Keys to Selling

Basis for Selling a Home: Correct Pricing

The seller sets the price of the home, but ultimately the buyer determines the value. My job is to supply you with facts about what has sold recently and what is for sale now to help you make a decision.

Analyzing Common Seller Objections:

  • “Another Agent said it was worth more.”
    • This highlights the importance of getting multiple opinions but also understanding that not all agents have the same level of market analysis expertise.
  • “Our home is nicer than those houses.”
    • Subjective opinions about “niceness” don’t always translate to higher market value. Objective factors like square footage, lot size, and location are more influential.
  • “People always offer less than asking price.”
    • This is true to some extent, but a well-priced home in a strong market may receive offers at or above the asking price.
  • “We can always come down on our price.”
    • While true, overpricing can lead to a longer time on the market, which can ultimately result in a lower final sale price.
  • “We have to get that much out of our home.”
    • This focuses on the seller’s financial needs, which are separate from the market value.
  • “My neighbor was able to get his price.”
    • Each home sale is unique. Market conditions, specific property features, and negotiation skills all play a role.
  • “Let’s try it at our price for a month or so.”
    • This can be a costly mistake. Overpricing can deter potential buyers and create a perception that the property is undesirable.
  • “The buyers can always make an offer.”
    • While true, buyers often avoid homes that are significantly over priced.
  • “We paid more than that for our home.”
    • What the seller paid in the past is irrelevant to the current market value.

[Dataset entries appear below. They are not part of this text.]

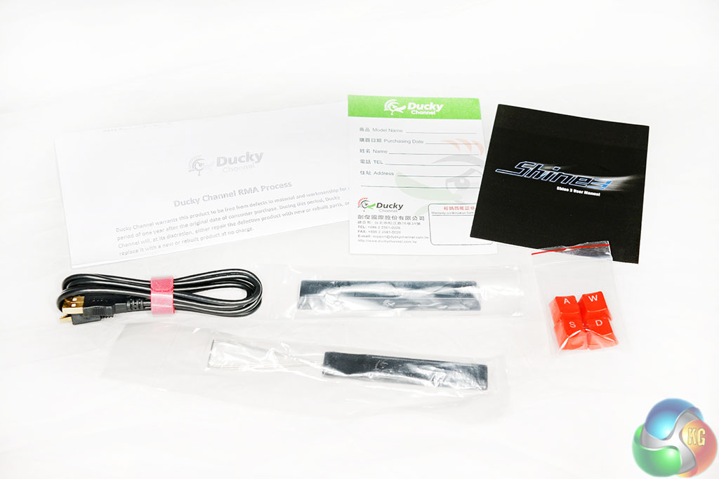 Ducky make their keyboards to support a wide range of MX switch styles. The company are using MX Green switches in our review sample – as shown by the sticker on the side of the box above.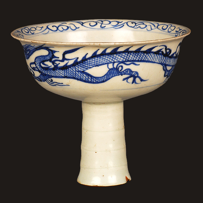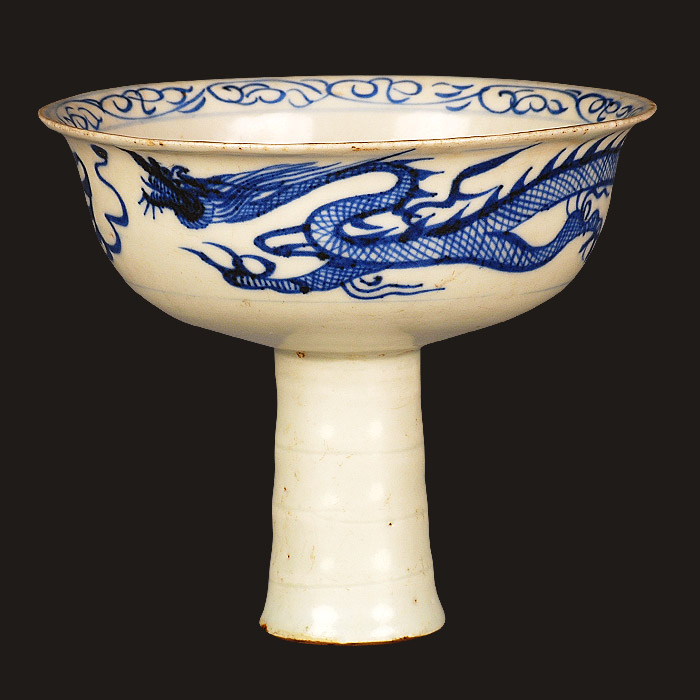 一件元景德镇窑青花云龙纹高足碗,碗侈口,陡腹,竹节形高足,足下部稍外侈。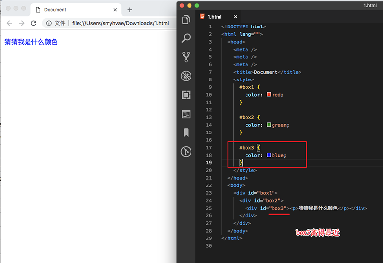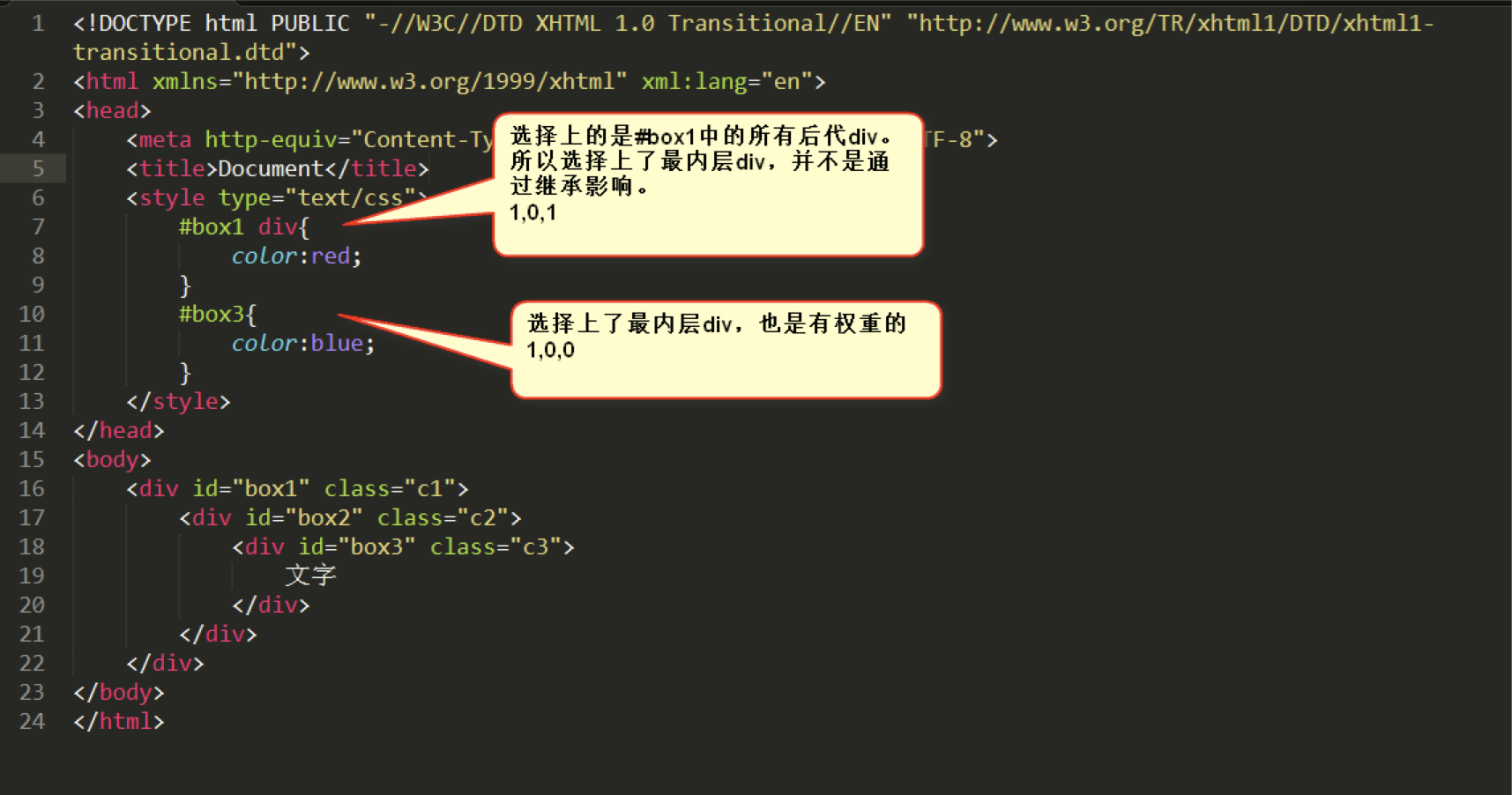 另外:如果大家的权重相同,那么就采用就近原则:谁描述的近,听谁的。举例如下:(box3 描述得最近,所以采用 box3 的属性)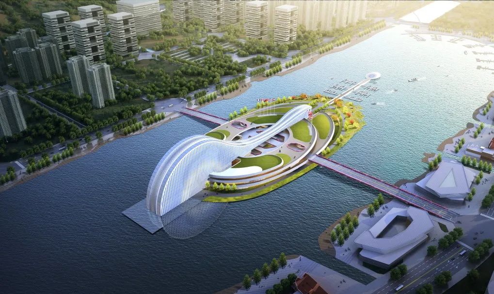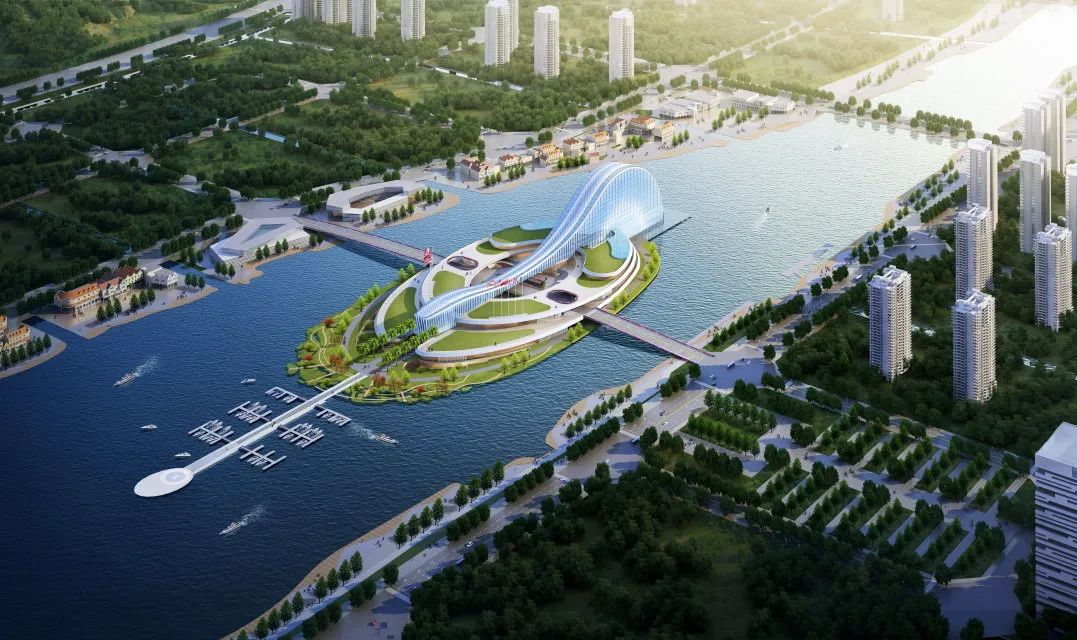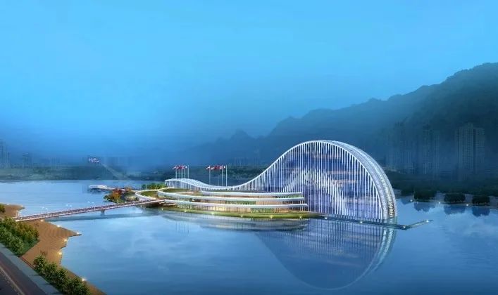 項(xiàng)目建筑設(shè)計(jì)以“映·韻”為設(shè)計(jì)理念,從橫琴地名中獲得創(chuàng)作源泉,汲取琵琶、古琴元素之靈感,將古琴的基本曲率抽象取形,形成建筑基本的曲線形體。從效果圖上看,橫琴天沐琴臺(tái)外觀建筑似一把橫臥天沐河上的琵琶,在設(shè)計(jì)上采用了大跨度的超高空間、連續(xù)鋼架屋頂結(jié)構(gòu)以及巨大玻璃幕墻,以打造靈動(dòng)的建筑曲線,形成連續(xù)開放的室外公共空間和活力街區(qū)。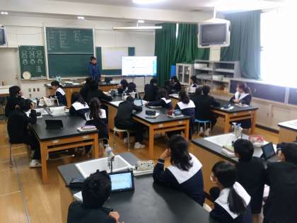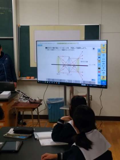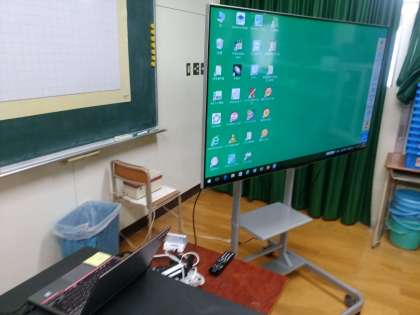 昨日納品された、ICT機器とタブットを接続し、早速授業を行っています。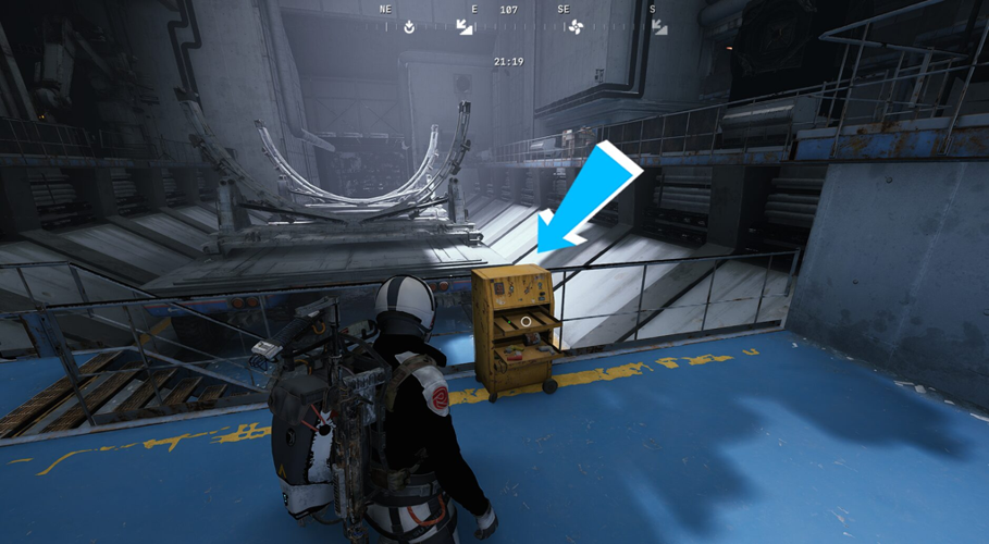 To locate Exodus modules efficiently, start by examining the primary assembly zone where yellow industrial tool-carts are stationed. These carts are usually placed close to the large rockets and frequently conceal valuable high-level loot, including Exodus modules.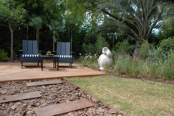 En el área de descanso se armó un living con muebles en lapacho viejo, que aporta calidez. Está rodeado por un bosquecito de alocasias, que suma un toque salvaje. Varias macetas con distintos formatos y esmaltadas en color visón, con alocasias negras, Strelitzia Reginae y Kalanchoe Thyrsiflora terminan de completar el diseño del espacio.
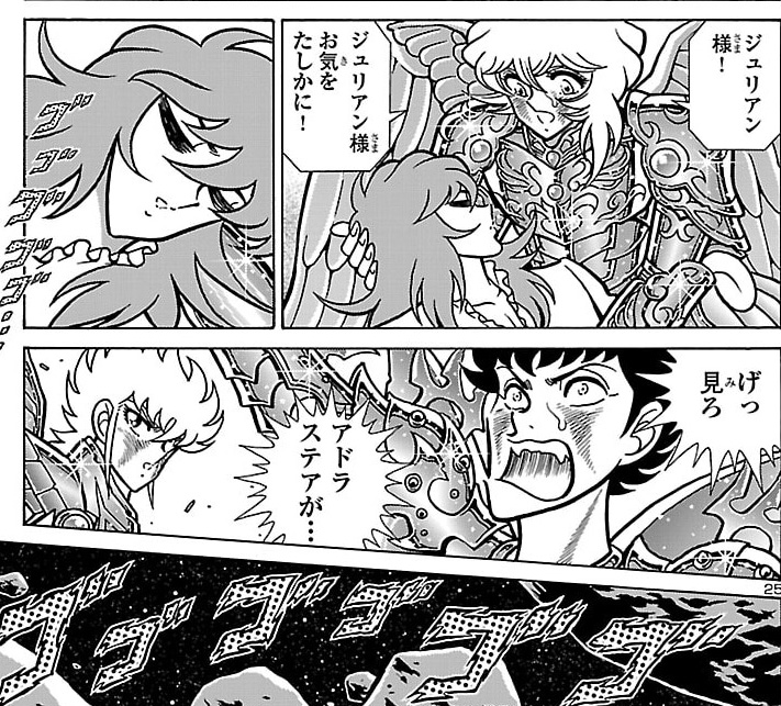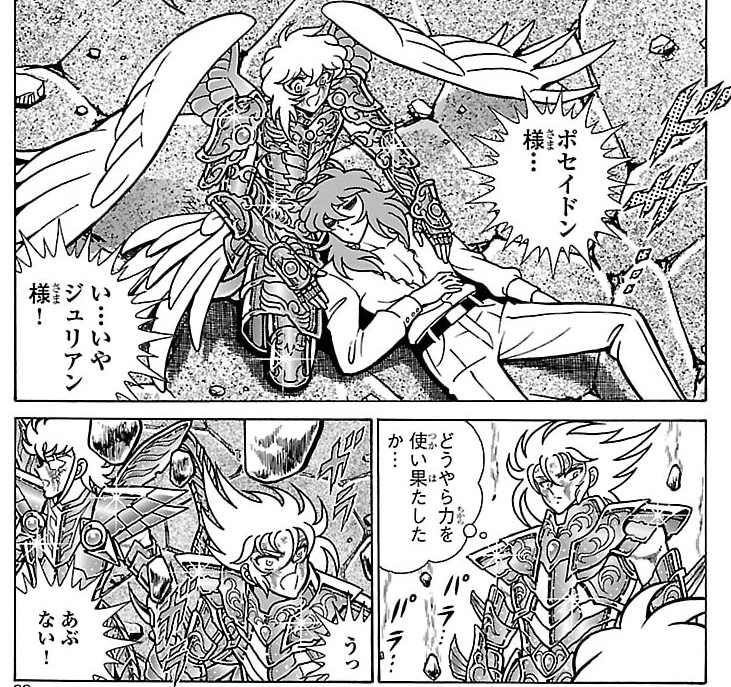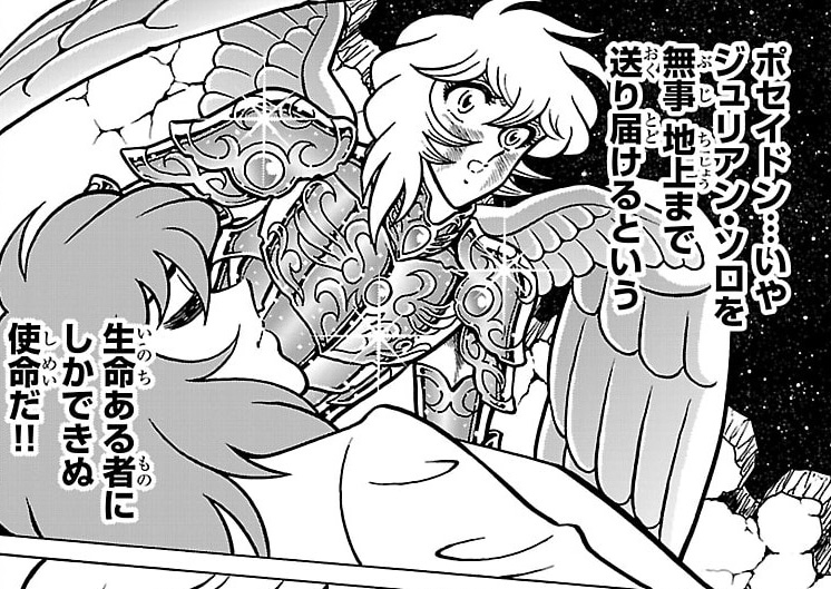 O templo começa a desmoronar e uma segunda onda massiva de meteoritos se dirige à Terra. Kanon de Dragão Marinho assume o comando. Ele percebe que Poseidon/Julian está exausto e precisa ser salvo. Kanon ordena que Sorento de Sirene leve Julian em segurança para a Terra, dizendo que é uma missão que apenas Sorento pode cumprir.
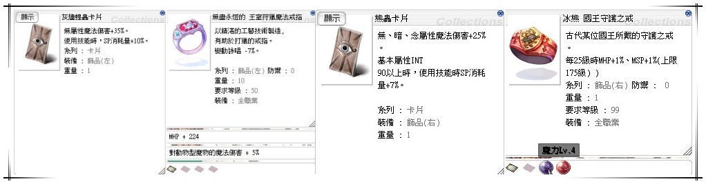 咒術士石(披肩)服飾套 咒術士石II(披肩)服飾套 國王守護之戒灰燼蝗蟲卡熊蟲卡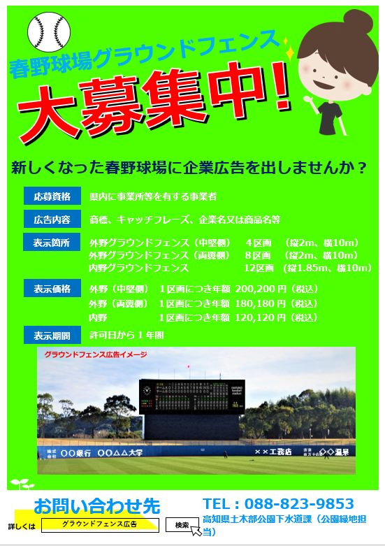 2020年5月6日 / 最終更新日時 : 2020年5月16日 tsushin お知らせ 野球場グラウンドフェンスへの企業広告掲載について 春野総合運動公園野球場では、グラウンドフェンスへの企業広告を募集しています。この機会にぜひご活用下さい。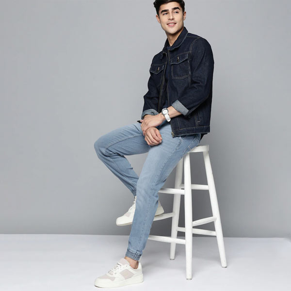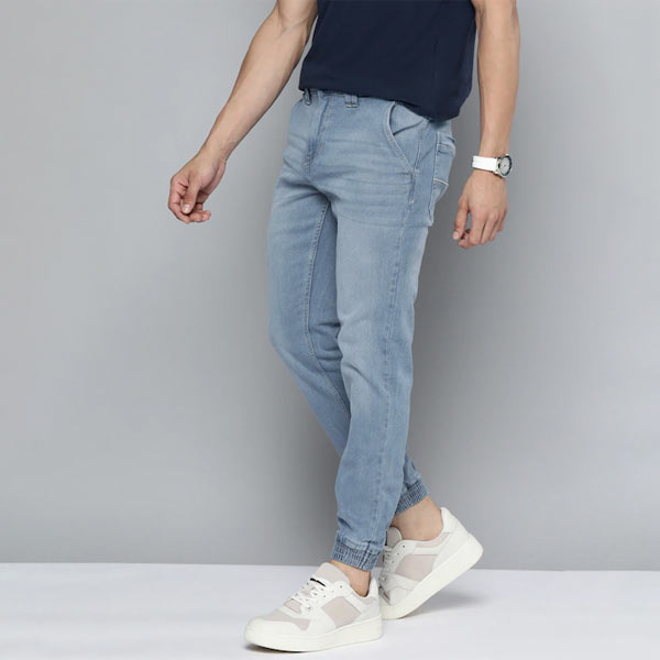 Men Blue Slim Fit Light Fade Stretchable Denim Joggers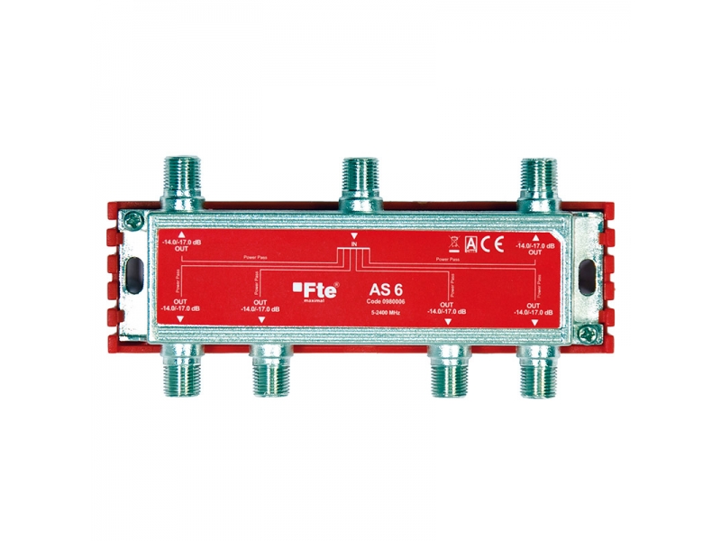 Divisore blindato induttivo in classe A terrestre e satellitare da 5 a 2.400 MHz, a sei uscite con attenuazione tipica di 12 dB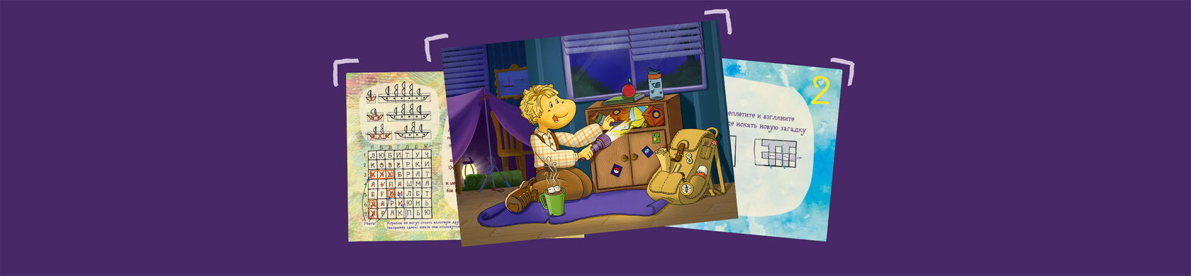 Текст открытки нужно прочитать задом наперед. Получится следующее: "На обратной стороне открытки вы видите часть семейной фотографии. Всего она состоит из 6 частей, все уже у вас. Сложите их, и вы узнаете, где братья спрятали подарок.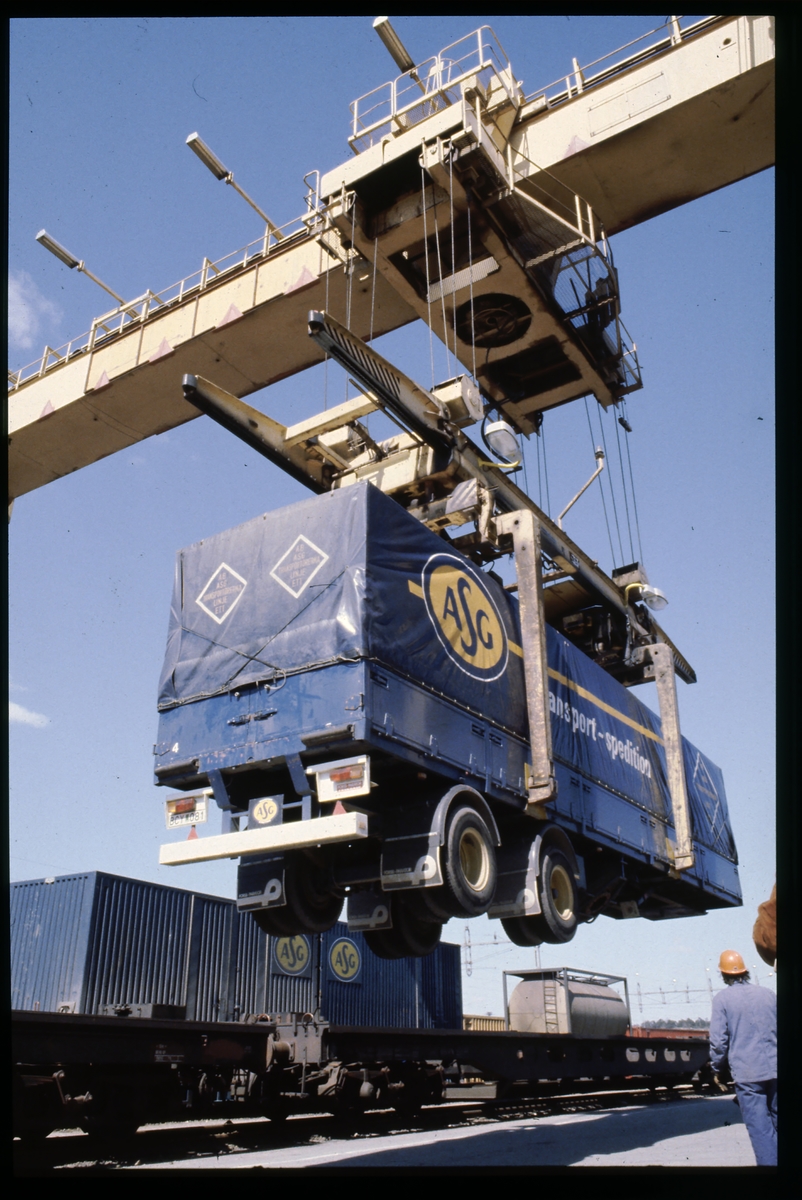 Släp lastas på godsvagn.

Accurate pricing can be hindered by several factors. Some inexperienced agents may prioritize securing a listing over providing a realistic market analysis, leading them to accept a seller’s inflated price. Additionally, misinformation from neighbors about their own sale prices can create unrealistic expectations.

Economic conditions significantly impact property values. Inflationary periods can cause rapid price increases due to economic factors, while recessions lead to price declines due to adverse economic conditions.

Emotional and psychological barriers also play a role. Sellers may fear underpricing their home, leading to a perceived loss of equity. Emotional attachment can cloud judgment, preventing sellers from objectively assessing market value. It’s crucial to understand that a property’s market value is independent of the owner’s personal needs or motivations.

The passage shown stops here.